::: Materials provided

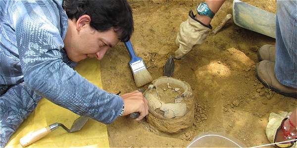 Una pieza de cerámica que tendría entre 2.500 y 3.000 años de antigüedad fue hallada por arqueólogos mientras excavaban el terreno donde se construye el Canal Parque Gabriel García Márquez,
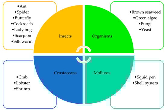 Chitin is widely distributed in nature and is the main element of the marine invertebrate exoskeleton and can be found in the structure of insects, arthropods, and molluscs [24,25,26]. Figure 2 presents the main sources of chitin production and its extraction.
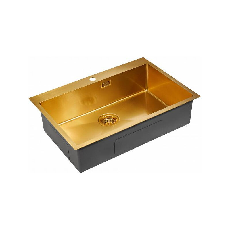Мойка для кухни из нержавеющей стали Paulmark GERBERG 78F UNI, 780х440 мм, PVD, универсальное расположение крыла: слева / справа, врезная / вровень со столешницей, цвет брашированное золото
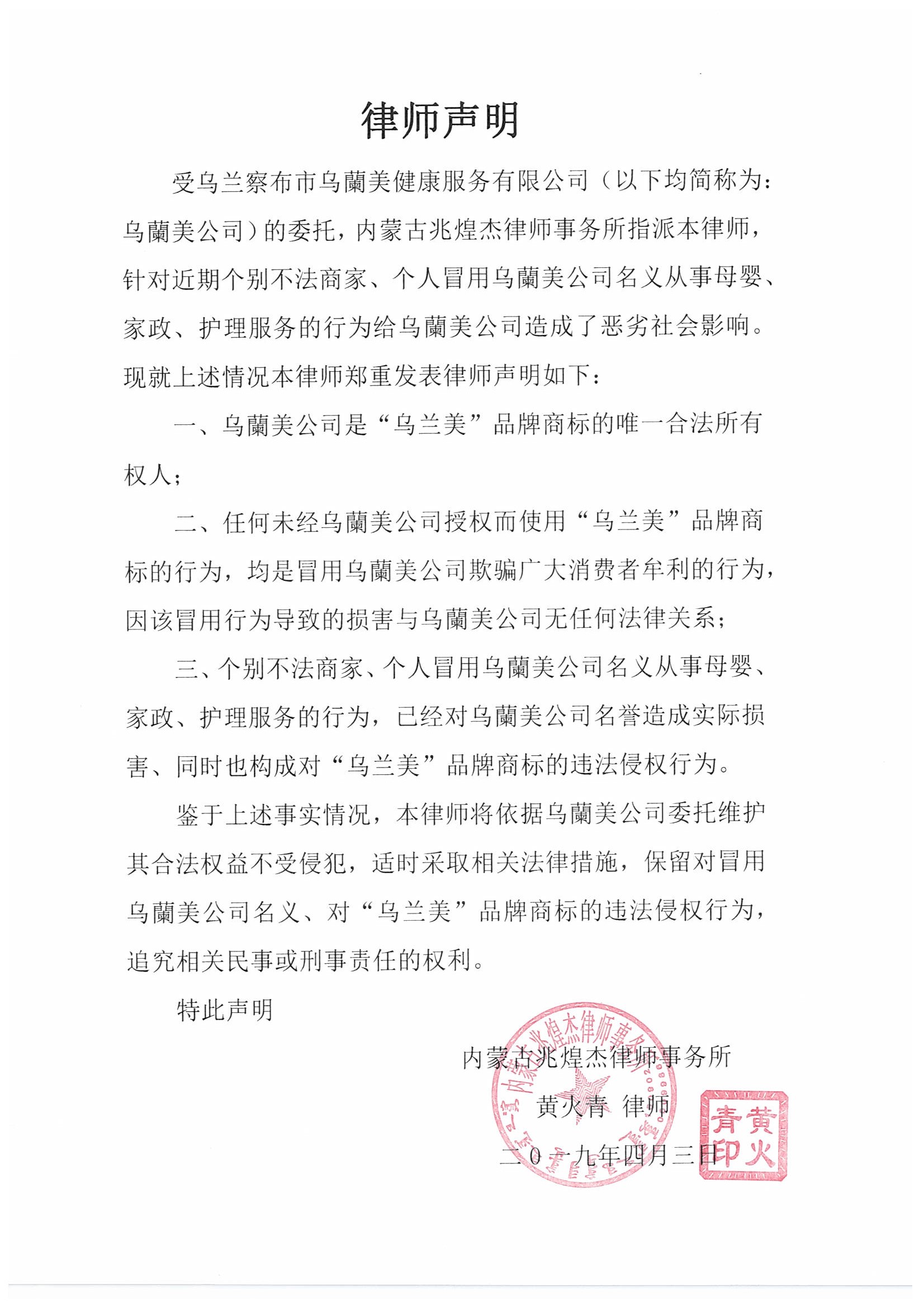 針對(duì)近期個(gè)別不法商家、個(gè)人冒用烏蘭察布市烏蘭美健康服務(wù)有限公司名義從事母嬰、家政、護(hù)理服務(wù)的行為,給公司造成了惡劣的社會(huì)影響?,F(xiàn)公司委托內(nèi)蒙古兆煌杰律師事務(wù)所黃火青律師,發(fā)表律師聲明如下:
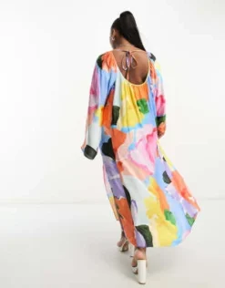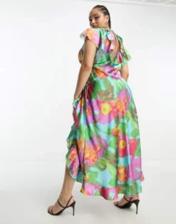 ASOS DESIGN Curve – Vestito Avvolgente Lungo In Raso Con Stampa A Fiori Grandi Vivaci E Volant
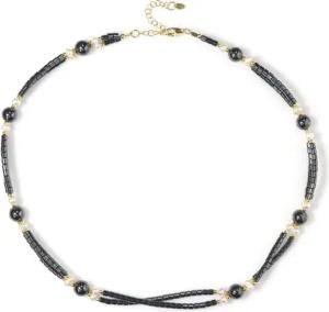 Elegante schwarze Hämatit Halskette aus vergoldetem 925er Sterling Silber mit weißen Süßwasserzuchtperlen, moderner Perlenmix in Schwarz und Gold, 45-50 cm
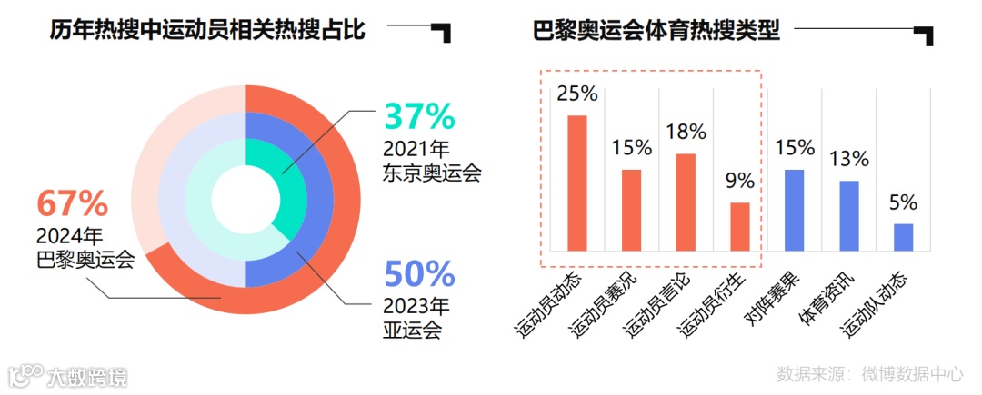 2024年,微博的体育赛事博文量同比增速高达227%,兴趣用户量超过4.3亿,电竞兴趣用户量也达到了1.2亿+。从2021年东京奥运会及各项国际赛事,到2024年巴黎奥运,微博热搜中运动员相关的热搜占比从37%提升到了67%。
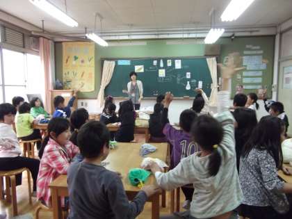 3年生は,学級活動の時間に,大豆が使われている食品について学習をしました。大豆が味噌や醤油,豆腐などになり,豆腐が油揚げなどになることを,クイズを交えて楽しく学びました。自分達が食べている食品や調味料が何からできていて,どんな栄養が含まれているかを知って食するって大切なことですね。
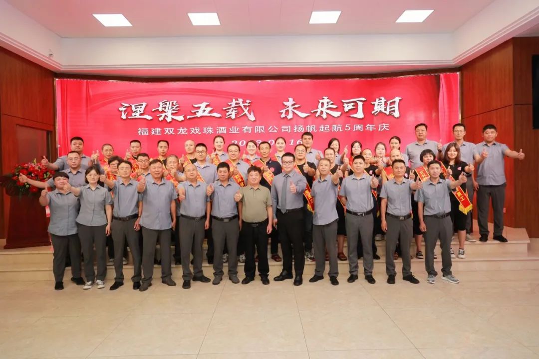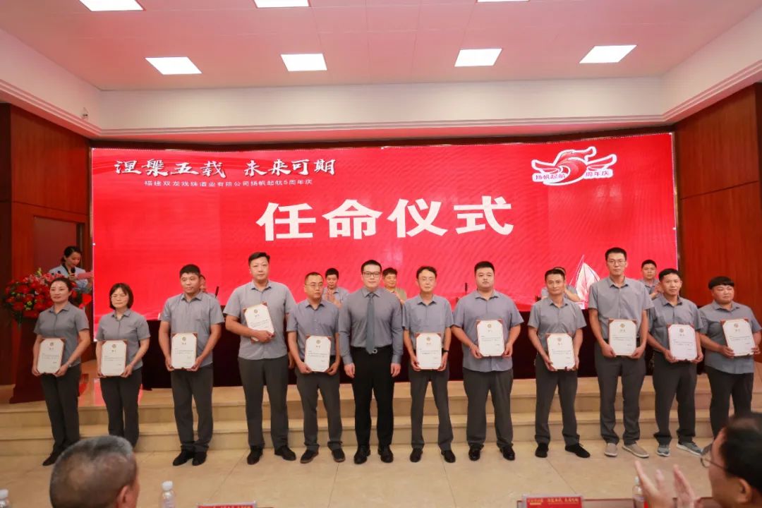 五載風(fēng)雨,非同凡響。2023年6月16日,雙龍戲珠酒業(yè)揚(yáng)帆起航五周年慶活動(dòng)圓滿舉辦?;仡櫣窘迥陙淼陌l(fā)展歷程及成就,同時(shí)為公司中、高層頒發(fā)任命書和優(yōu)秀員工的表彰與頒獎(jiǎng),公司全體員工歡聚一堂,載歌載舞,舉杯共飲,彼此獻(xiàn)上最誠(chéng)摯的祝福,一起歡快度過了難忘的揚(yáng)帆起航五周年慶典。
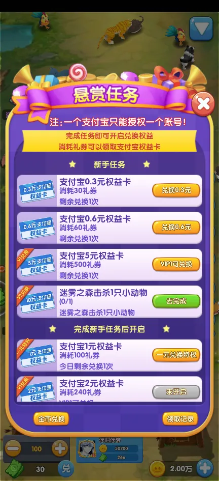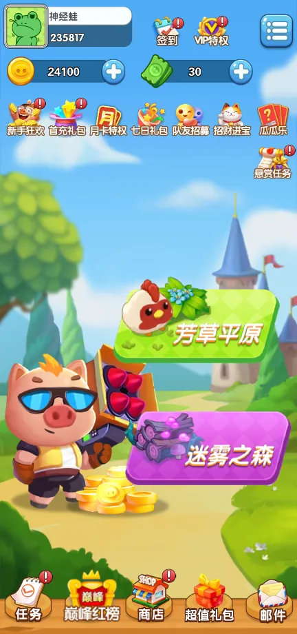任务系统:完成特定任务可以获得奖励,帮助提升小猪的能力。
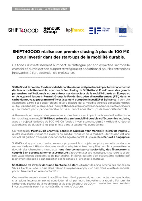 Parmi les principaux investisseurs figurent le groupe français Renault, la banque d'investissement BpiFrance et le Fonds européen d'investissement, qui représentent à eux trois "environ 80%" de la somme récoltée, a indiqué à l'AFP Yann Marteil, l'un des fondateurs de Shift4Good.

::::::
::: Materials provided

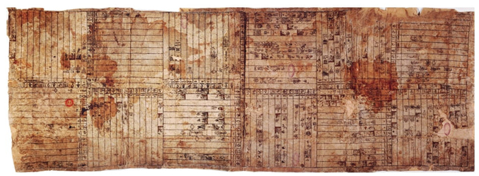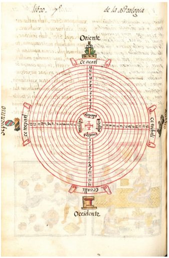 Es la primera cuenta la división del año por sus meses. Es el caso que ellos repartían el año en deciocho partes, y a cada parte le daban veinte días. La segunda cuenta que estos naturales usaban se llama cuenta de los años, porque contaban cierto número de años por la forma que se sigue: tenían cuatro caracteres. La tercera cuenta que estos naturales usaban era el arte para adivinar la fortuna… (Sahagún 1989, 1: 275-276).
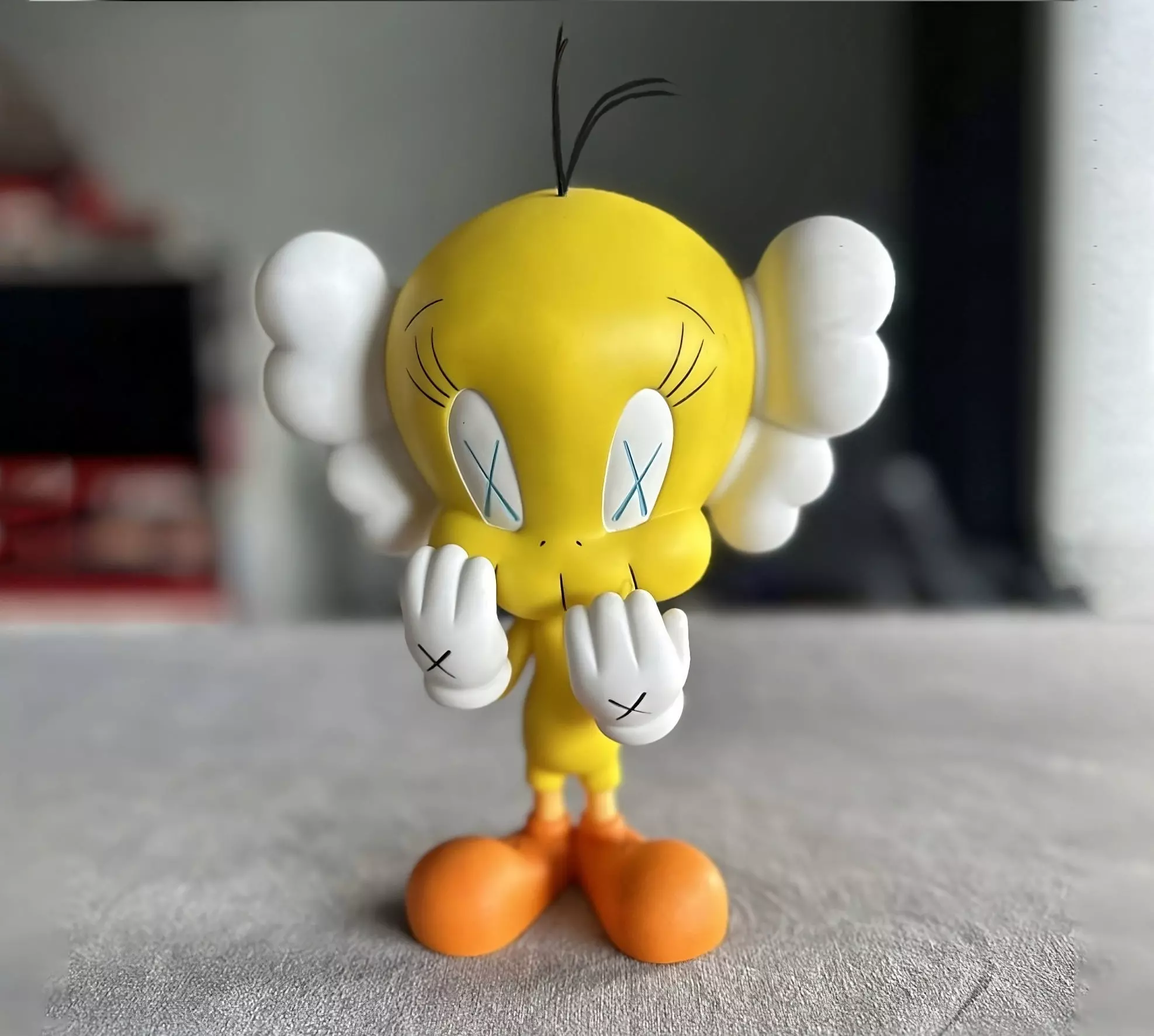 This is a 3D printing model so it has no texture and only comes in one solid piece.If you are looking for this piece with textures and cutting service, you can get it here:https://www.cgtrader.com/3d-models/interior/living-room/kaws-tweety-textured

::::::
::: Materials provided

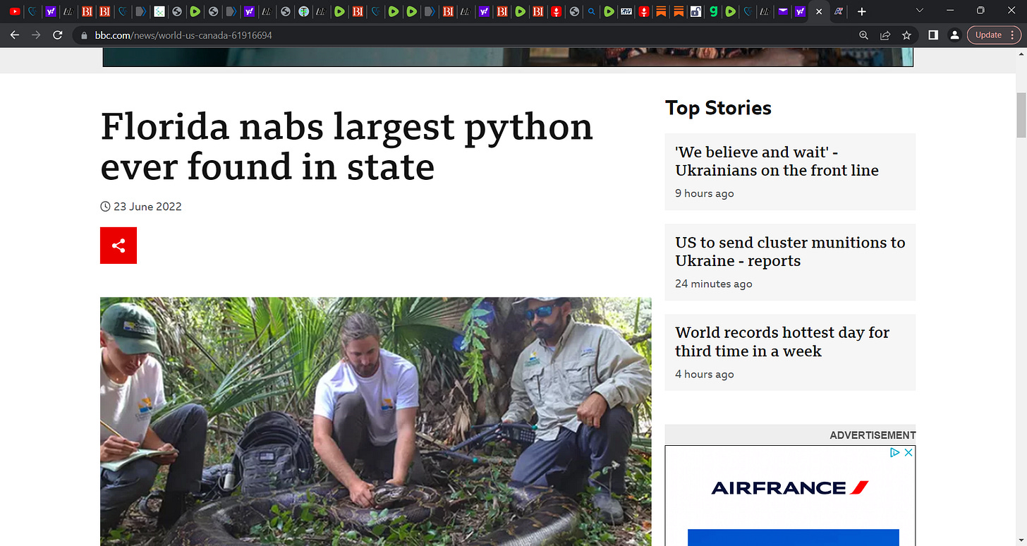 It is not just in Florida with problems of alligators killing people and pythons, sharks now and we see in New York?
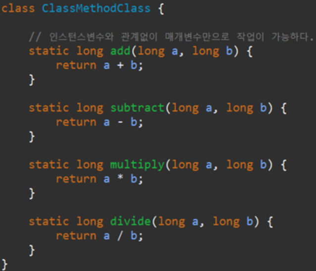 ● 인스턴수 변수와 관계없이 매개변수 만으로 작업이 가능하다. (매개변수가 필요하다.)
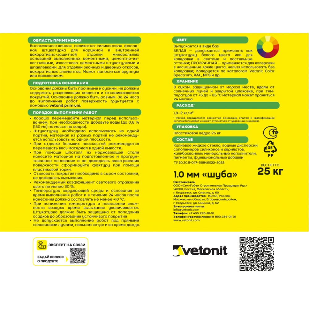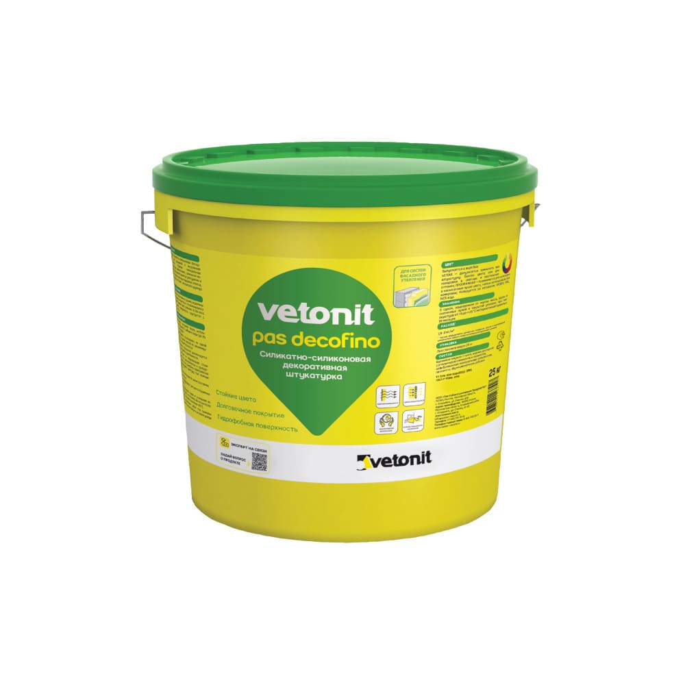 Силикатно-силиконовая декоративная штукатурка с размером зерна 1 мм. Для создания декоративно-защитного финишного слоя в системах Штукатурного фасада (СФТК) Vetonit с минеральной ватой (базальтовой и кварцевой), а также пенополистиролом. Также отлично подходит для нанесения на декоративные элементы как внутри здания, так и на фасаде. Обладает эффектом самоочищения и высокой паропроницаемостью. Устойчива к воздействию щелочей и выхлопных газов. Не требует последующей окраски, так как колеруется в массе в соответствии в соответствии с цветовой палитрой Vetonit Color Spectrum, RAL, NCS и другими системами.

::::::

-- Exercise directions --
The expected output is the lines above from the one containing "3年生は,学級活動の時間に,大豆が使われ" to the one containing "Parmi les principaux", both ends included, reproduced exactly with every picture left out.

-- Answer section --
 3年生は,学級活動の時間に,大豆が使われている食品について学習をしました。大豆が味噌や醤油,豆腐などになり,豆腐が油揚げなどになることを,クイズを交えて楽しく学びました。自分達が食べている食品や調味料が何からできていて,どんな栄養が含まれているかを知って食するって大切なことですね。
 五載風(fēng)雨,非同凡響。2023年6月16日,雙龍戲珠酒業(yè)揚(yáng)帆起航五周年慶活動(dòng)圓滿舉辦?;仡櫣窘迥陙淼陌l(fā)展歷程及成就,同時(shí)為公司中、高層頒發(fā)任命書和優(yōu)秀員工的表彰與頒獎(jiǎng),公司全體員工歡聚一堂,載歌載舞,舉杯共飲,彼此獻(xiàn)上最誠(chéng)摯的祝福,一起歡快度過了難忘的揚(yáng)帆起航五周年慶典。
任务系统:完成特定任务可以获得奖励,帮助提升小猪的能力。
 Parmi les principaux investisseurs figurent le groupe français Renault, la banque d'investissement BpiFrance et le Fonds européen d'investissement, qui représentent à eux trois "environ 80%" de la somme récoltée, a indiqué à l'AFP Yann Marteil, l'un des fondateurs de Shift4Good.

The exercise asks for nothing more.